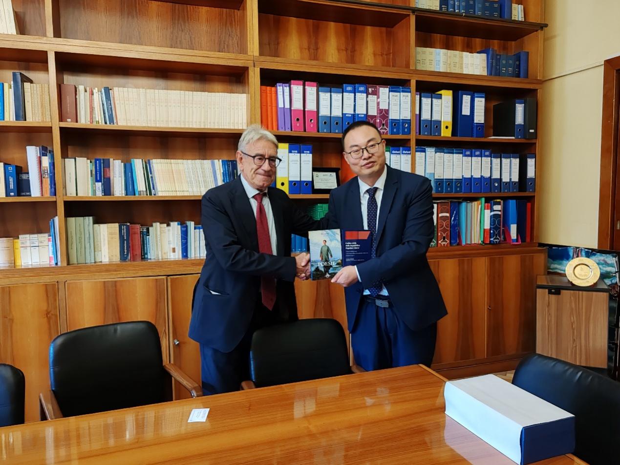 在罗马第一大学出访期间,代表团与该校法学院院长Olivero Diliberto教授、Domenico Dursi教授展开会晤。双方就师生互访、科研合作、学术交流以及推动双方校级层面的合作等方面达成良好的共识。代表团参访了中意法典化和法学人才培养研究中心(Osservatorio sulla codificazione e sulla formazione del giurista in Cina nel quadro del sistema giuridico romanistico),与中心主任Antonio Saccoccio教授、Sandro Schipani教授就罗马法、比较法和民商法领域内中意合作交流的发展历程和未来方向进行了深入的交流,并就推进联合开展课题研究、学术研讨和博士研究生培养等达成合作意向。
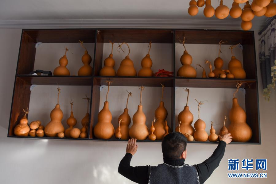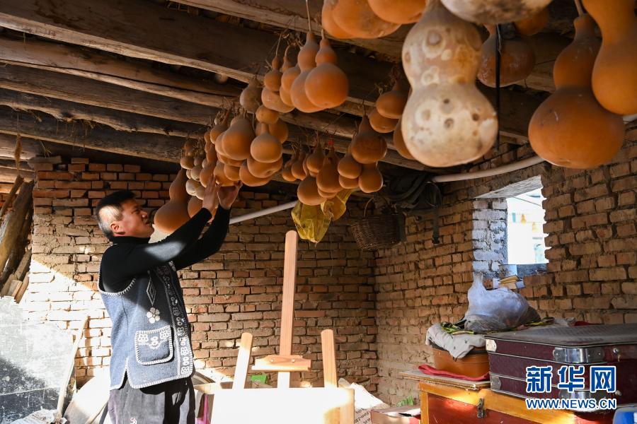 曹光耀在位于霍爾果斯市加爾蘇村的家中整理挑選出來的葫蘆(2月6日攝)。新華社記者 丁磊 攝
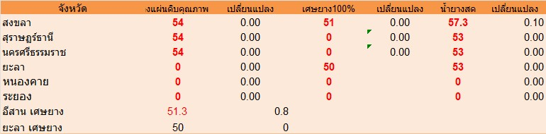 จังหวัด สงขลา ยางแผ่นดิบคุณภาพ 3 = 54บาท/กก. ราคาไม่เปลี่ยนแปลง เศษยาง 51บาท/กก. ราคาไม่เปลี่ยนแปลง บาท/กก. น้ำยางสด ราคา ณ โรงงาน 57.3บาท/กก. ราคาเพิ่มขึ้น 0.10บาท
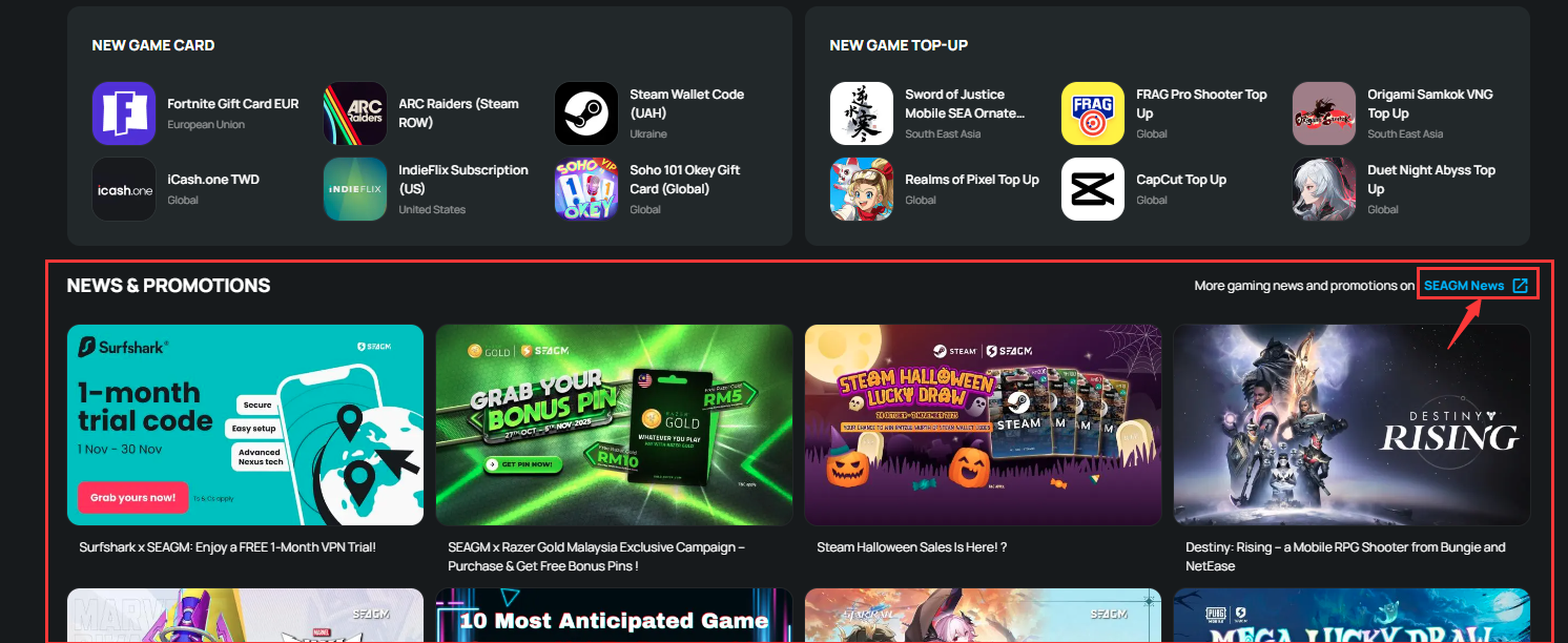Step 3: Click “More gaming news and promotions on SEAGM News” to be directed to the SEAGM News page, where you can find all the latest events, deals, and updates.
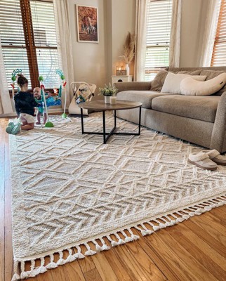 I love this rug in our family room. We have 3 kids and it holds up shockingly well! It’s soft and the color/pattern is nice. Def need a pad under the rug. I don’t love the tassels as they can look messy.

★ ★ ★ ★

### Your instructions
Before handing back the copy, remove the pictures; otherwise print the data exactly.

### Expected answer
 在罗马第一大学出访期间,代表团与该校法学院院长Olivero Diliberto教授、Domenico Dursi教授展开会晤。双方就师生互访、科研合作、学术交流以及推动双方校级层面的合作等方面达成良好的共识。代表团参访了中意法典化和法学人才培养研究中心(Osservatorio sulla codificazione e sulla formazione del giurista in Cina nel quadro del sistema giuridico romanistico),与中心主任Antonio Saccoccio教授、Sandro Schipani教授就罗马法、比较法和民商法领域内中意合作交流的发展历程和未来方向进行了深入的交流,并就推进联合开展课题研究、学术研讨和博士研究生培养等达成合作意向。
 曹光耀在位于霍爾果斯市加爾蘇村的家中整理挑選出來的葫蘆(2月6日攝)。新華社記者 丁磊 攝
 จังหวัด สงขลา ยางแผ่นดิบคุณภาพ 3 = 54บาท/กก. ราคาไม่เปลี่ยนแปลง เศษยาง 51บาท/กก. ราคาไม่เปลี่ยนแปลง บาท/กก. น้ำยางสด ราคา ณ โรงงาน 57.3บาท/กก. ราคาเพิ่มขึ้น 0.10บาท
Step 3: Click “More gaming news and promotions on SEAGM News” to be directed to the SEAGM News page, where you can find all the latest events, deals, and updates.
 I love this rug in our family room. We have 3 kids and it holds up shockingly well! It’s soft and the color/pattern is nice. Def need a pad under the rug. I don’t love the tassels as they can look messy.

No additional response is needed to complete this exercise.